Le risque locatif est également mieux réparti. En effet, vous avez le choix entre un bail unique pour l’ensemble des colocataires ou un bail individuel pour chaque occupant. Avec un bail commun, si un colocataire quitte le logement, les autres continuent à payer leur quote-part. En insérant une clause de solidarité dans le bail, chaque colocataire devient responsable de la totalité du loyer et des charges dues, ainsi que des dégradations locatives.

Autrement formulé, le propriétaire peut réclamer à n’importe lequel des colocataires la totalité du loyer, des charges ou encore le coût des éventuelles dégradations. Chacun s’engage donc à assumer les obligations des autres s’ils ne les respectent pas. Du côté du bailleur, le bail solidaire représente une véritable garantie dans la mesure où elle limite les démarches pouvant être longues pour identifier le locataire responsable d’un impayé ou de dégradation locatives. 

En optant pour un bail solidaire pour sa colocation, le propriétaire reste protégé et peut continuer à percevoir son loyer sans interruption.

Colocation : la clause de solidarité est-elle automatique ?

Si la clause de solidarité est fortement conseillée en colocation, elle n’est pas automatique. Pour avoir un bail solidaire en colocation, la clause de solidarité doit impérativement figurer dans le contrat signé par les colocataires. Dans le cas contraire, chaque occupant n’est tenu que de sa quote-part du loyer, ce qui limite sa responsabilité financière aux seuls engagements personnels.

Précisons d’ailleurs qu’un bail de colocation ne peut être solidaire que s’il est commun à l’ensemble des colocataires. Si chaque occupant dispose d’un contrat individuel, aucune solidarité ne peut s’appliquer entre eux.

D’autre part, une fois inscrite, la clause de solidarité s’impose à toutes les parties et ne peut être annulée unilatéralement. Son retrait exige l’accord conjoint du bailleur et de l’ensemble des colocataires. Si des colocataires souhaitent se désolidariser, ils doivent signer un avenant précisant que la solidarité est levée à compter d’une date déterminée, pour une ou plusieurs personnes. Toutefois, le propriétaire-bailleur n’est pas tenu d’accepter cette modification.

Les colocataires peuvent également attendre le renouvellement du bail pour supprimer ou modifier la clause, toujours avec l’accord du propriétaire.

Bail solidaire en colocation : comment ça marche exactement ?

Comme nous l’avons déjà évoqué le bail solidaire de colocation transforme l'engagement individuel en une responsabilité collective.

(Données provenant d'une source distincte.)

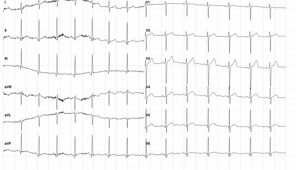 ECG during Ergospirometry (cardiopulmonary Exercise test)
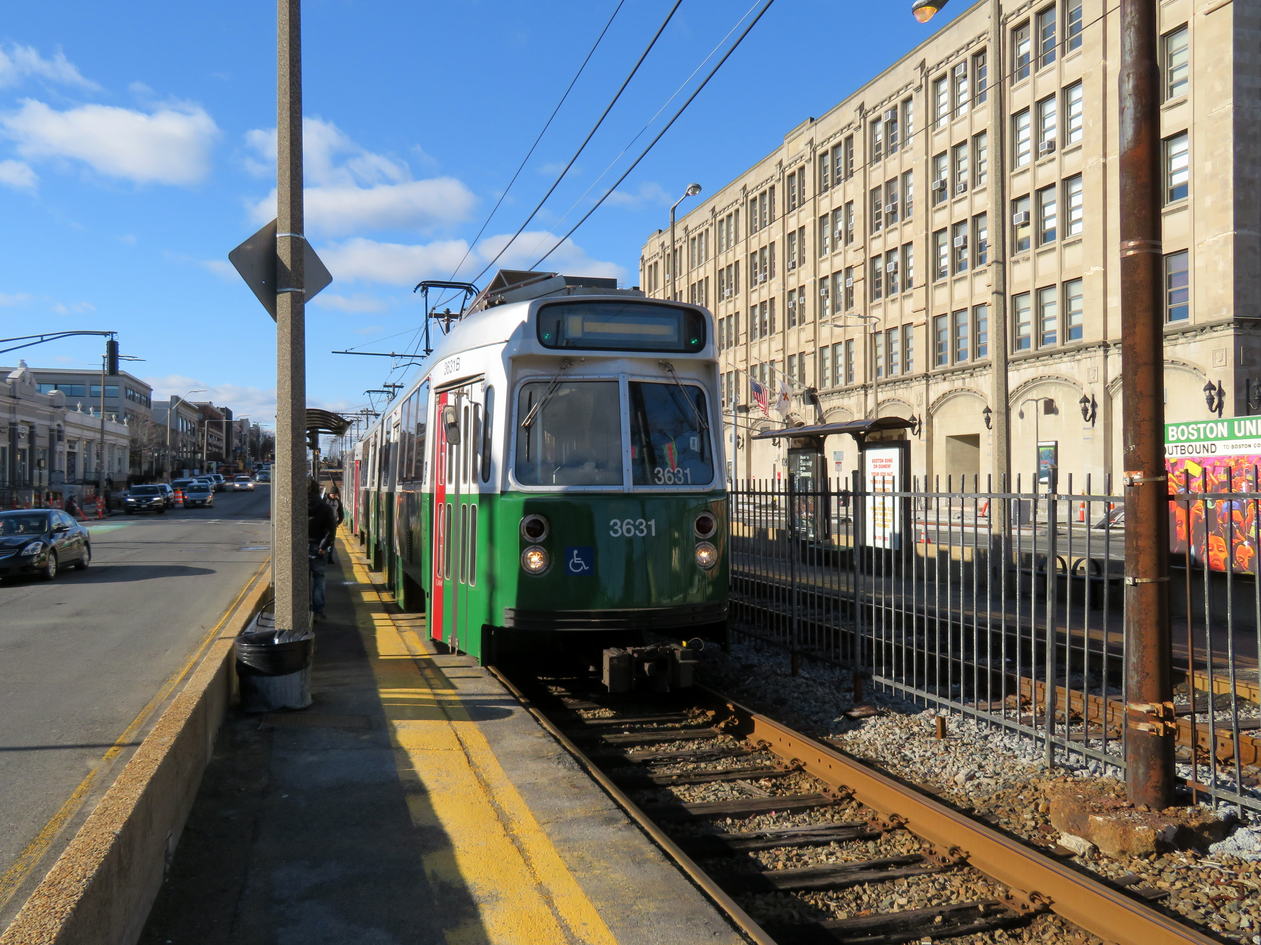 Inbound train at Boston University West station in December 2018
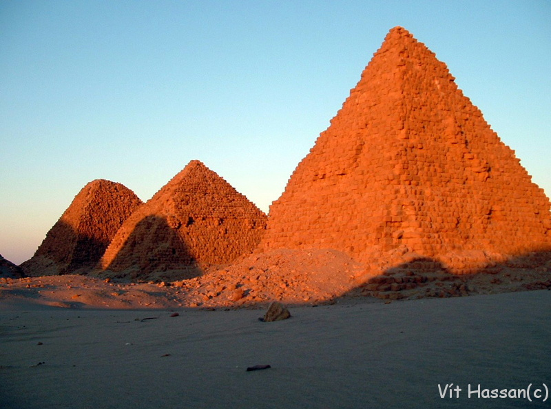 The pyramid field of Nuri contained 21 kings together with 52 queens and princesess . The first to build his tomb at Nuri was king Taharqa. His pyramid had 51.75 m square and 40 or 50 m high. Taharqa subterranean chambers are the most elaborate of any Kushite tomb. The entrance was by an eastern stairway trench , north of the pyramid's central axis, reflecting the alignment of the original smaller pyramid. Three steps led to a doorway, with a moulded frame, that opened to a tunnel, widened and heightened into an antechamber with a barrel-vaulted ceiling. Six massive pillars carved from the natural rock divide the burial chamber into two side aisles and a central nave, each with a barrel-vaulted ceiling. The entire chamber was surrounded by a moat-like corridor entered steps leading down from in front of the antechamber doorway. After Taharqa 21 kings and 53 queens and princesess were buried at Nuri under pyramids of good masonry, using blocks of local red sandstone. The Nuri pyramids were generally much larger than those at el-Kurru, reaching heights of 20 to 30 m. The last king to be buried at Nuri died in about 308 BC. Taken in Nuri,Northern Sudan. Check my set: Pyramids & templeS
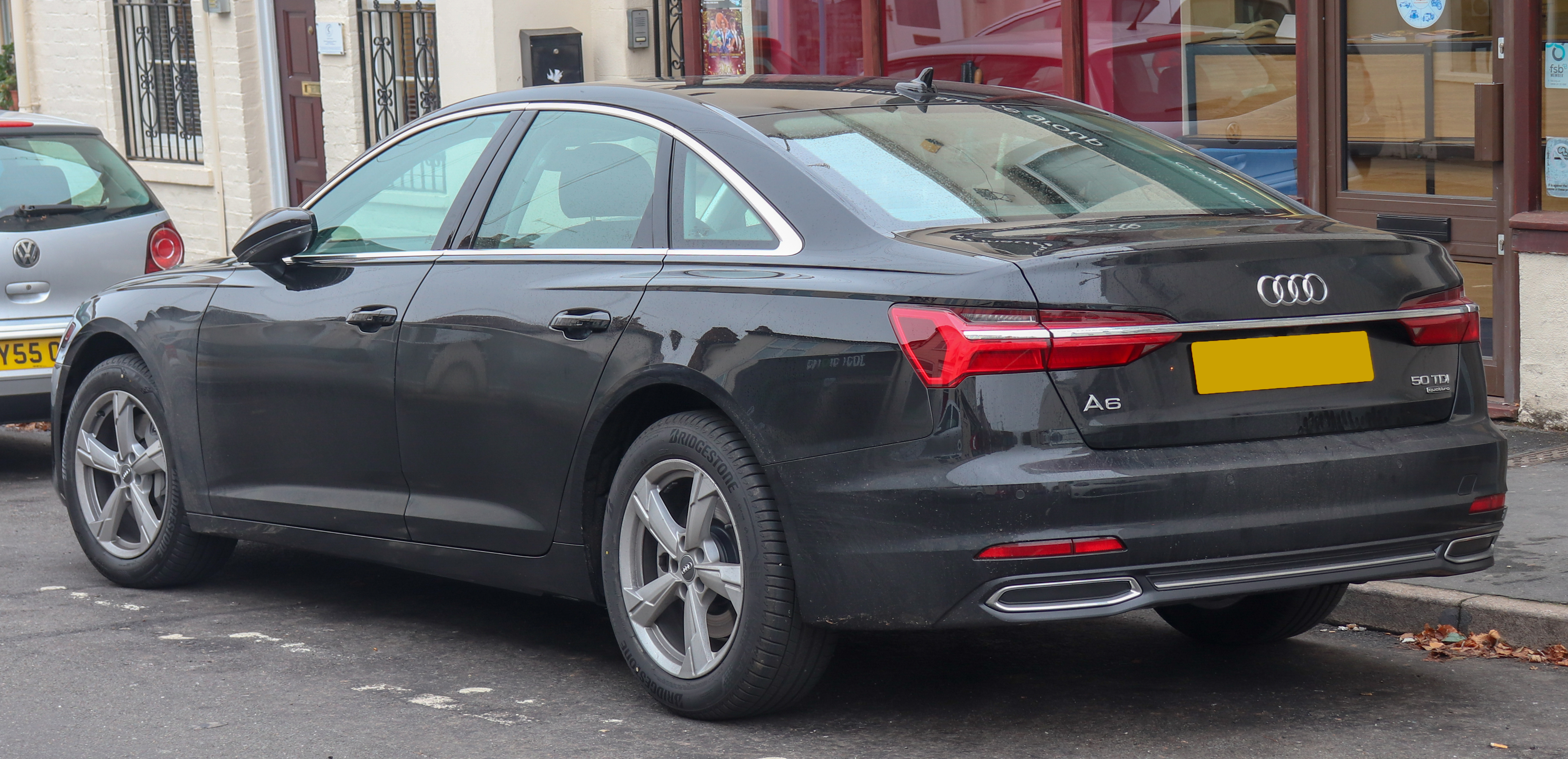 2018 Audi A6 TDi Quattro Rear Taken in Leamington Spa

Dans ce cadre, chaque occupant est tenu de respecter l’intégralité des obligations contractuelles.

Concrètement, si un colocataire manque à sa part du loyer ou des charges, le propriétaire a le droit de réclamer la totalité de la dette au colocataire le plus solvable ou joignable. Cette règle s'applique également aux réparations locatives. La personne propriétaire peut donc exiger le paiement des dégradations à n'importe quel membre de la colocation, ainsi qu’à leurs garants éventuels, sans avoir à identifier l'auteur précis des dommages.

Le départ d’un habitant ne rompt pas instantanément ce lien juridique. Selon la loi ALUR, le locataire sortant, ainsi que son garant, restent solidairement responsables des impayés pendant une période maximale de 6 mois après la fin du préavis. Cette protection pour le propriétaire s'arrête toutefois de manière anticipée si un nouveau remplaçant est officiellement intégré au bail via un avenant signé par toutes les parties. Passé ce délai de 6 mois, la solidarité s’arrête automatiquement pour les dettes futures. Néanmoins, les dettes accumulées durant la période de validité demeurent exigibles.

Dans le cadre d’une colocation avec bail solidaire, le propriétaire peut poursuivre le garant d’un colocataire pour les dettes d’un autre.